The story is unfortunately simple. In May 2020, the worker, a truck driver, noticed that he had lost his sense of smell while refueling his vehicle. He therefore took a test for COVID-19, which turned out positive. Claiming to have been the victim of an employment injury, the latter filed a complaint with the Commission des normes, de l’énergie, de la santé et de la sécurité du travail. This complaint was however refused and the refusal was confirmed by the administrative review. The Administrative Labor Tribunal (TAT) was then seized of the case.
In order to fully understand the terms used in the Act respecting industrial accidents and occupational diseases, the legislator defined various concepts in its article 2. Thus, the occupational injury constitutes an injury or illness which occurs as a result of or during a work accident or an occupational disease, while an work accident corresponds to an unforeseen and sudden event attributable to any cause arising out of or in connection with the work and which results in an employment injury.
The notion of“Unforeseen and sudden event” is not defined in law. The Court of Appeal, in Antenucci, however defined this concept as being “a fact which happens, a situation, precise in time, which materializes, by comparison with a circumstance which is a particularity accompanying this fact, this event or this situation”.
From the outset, an infection linked to the COVID-19 virus is a disease and the Tribunal recognizes that having been in contact with a virus can constitute, depending on the circumstances, an unforeseen and sudden event. But one question remains: was this disease contracted through or during work?
During his testimony, the worker explained that, in the course of his work duties, he was often in confined spaces, where it was impossible to maintain the required distance. This was the case, in particular, when he went to the dispatcher’s office, to the foremen’s office or to the warehouse. This element is also confirmed by the employer’s occupational health and safety manager.

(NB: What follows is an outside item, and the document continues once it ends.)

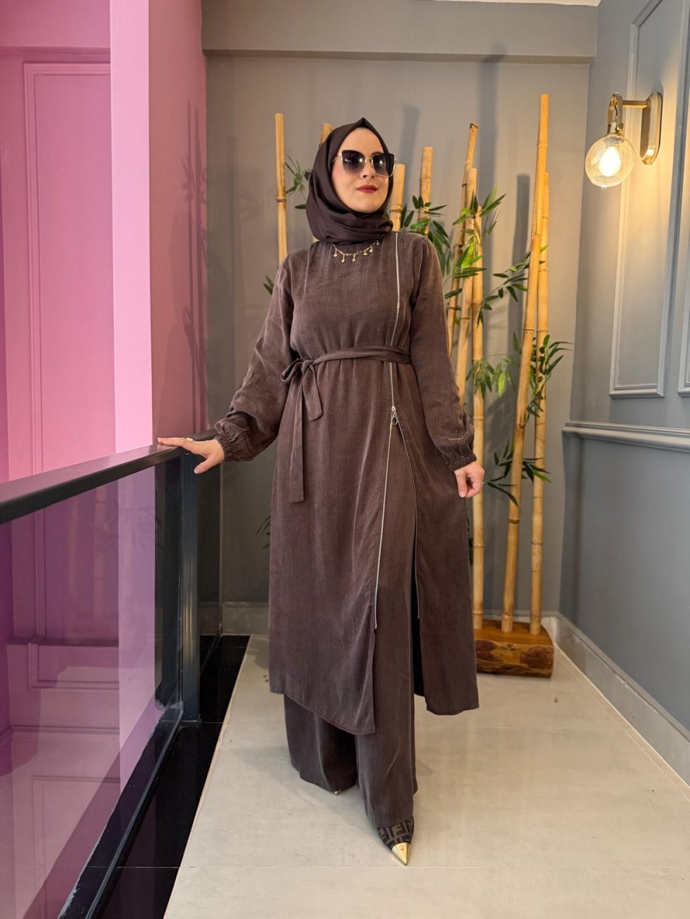 Fermuar Detaylı İpek Kupra Pantolon Takım Kahve

In May 2020, 5 employees working in the warehouse were infected with COVID-19 and the worker claimed to have had close contact, in the course of his tasks, with each of them, and more particularly with an employee who contracted the virus 1 week before him.

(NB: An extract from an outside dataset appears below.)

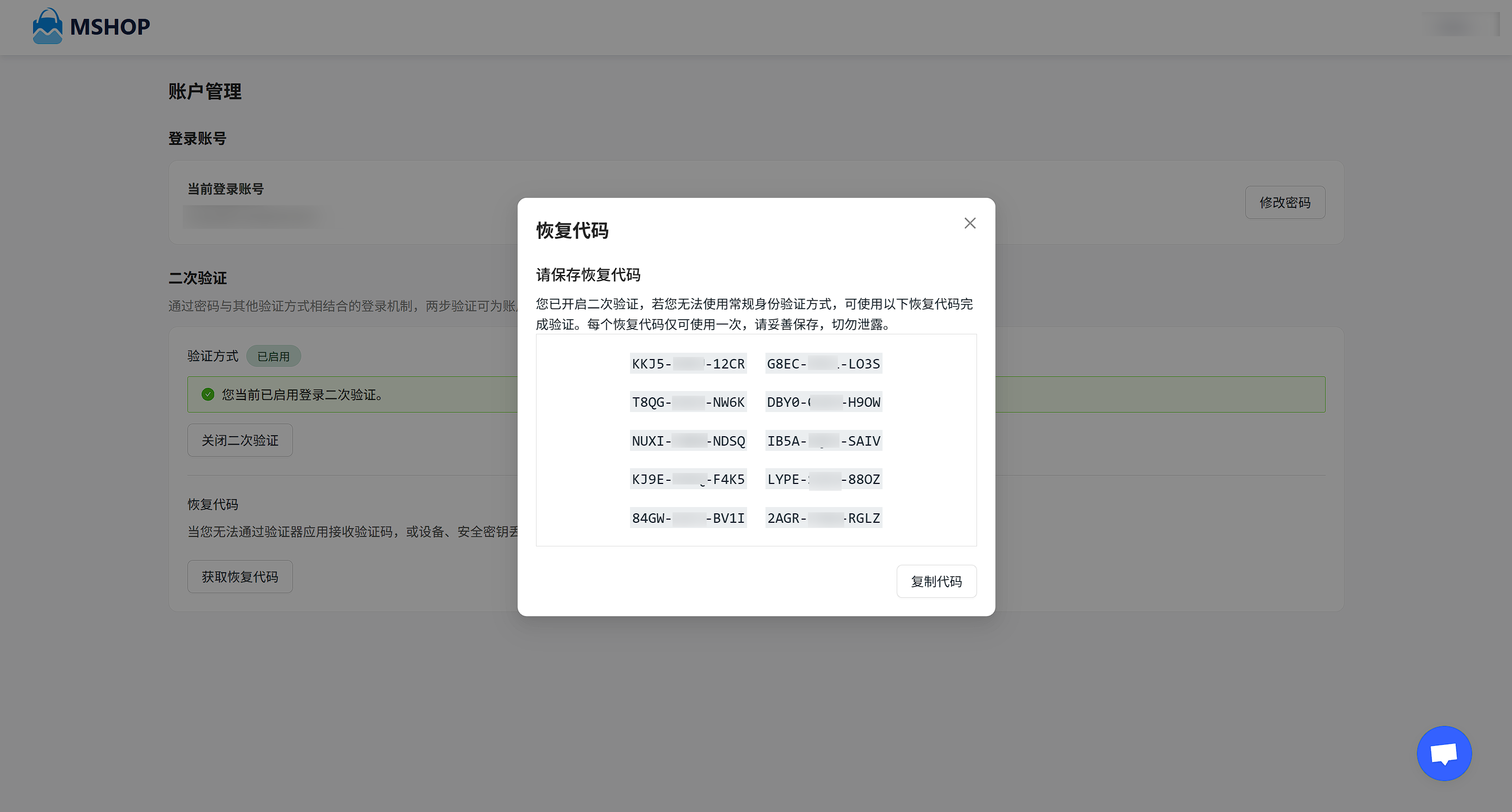 绑定成功后,系统将为您生成 10 个恢复代码(Recovery Codes)。

In Desgagnés, the Tribunal has already determined that it does not have to determine the precise moment of the contagion, but rather whether the infection in question was acquired, more likely, in the workplace. In this case, the worker stated that he had been in strict isolation, having had no contact outside his workplace, and this evidence was not contradicted.
In these circumstances, the TAT concluded that the latter had been exposed to the COVID-19 virus in the course of his work, that it was an unforeseen and sudden event and that the worker had thus suffered an occupational injury.
A first decision, but probably not the last
This decision is effectively the first decision of the TAT that recognizes exposure to COVID-19 as an unforeseen and sudden event, but, since this case is certainly not an isolated case, other decisions will likely be. made about it. It will then be interesting to analyze the judgments of the TAT in this regard.
- Lamarche et Consolidated Fastfrate inc. (TAT, 2021-09-23 (decision corrected on 2021-09-30)), 2021 QCTAT 4580, SOQUIJ AZ-51796048. As of the date of broadcast, the decision had not been reviewed or appealed for judicial review.
- Antenucci c. Canada Steamship Lines Inc. (C.A., 1991-04-16), SOQUIJ AZ-91011480, J.E. 91-747, D.T.E. 91T-446,  RJQ 968. Motion for leave to appeal to the Supreme Court dismissed (CS Can., 1991-11-07), 22509.
- Desgagné and Saguenay – Lac-Saint-Jean Integrated University Health and Social Services Center (Regional Public Health Department), (TAT, 2019-10-25), 2019 QCTAT 4771, SOQUIJ AZ-51640012, 2019EXPT-2398.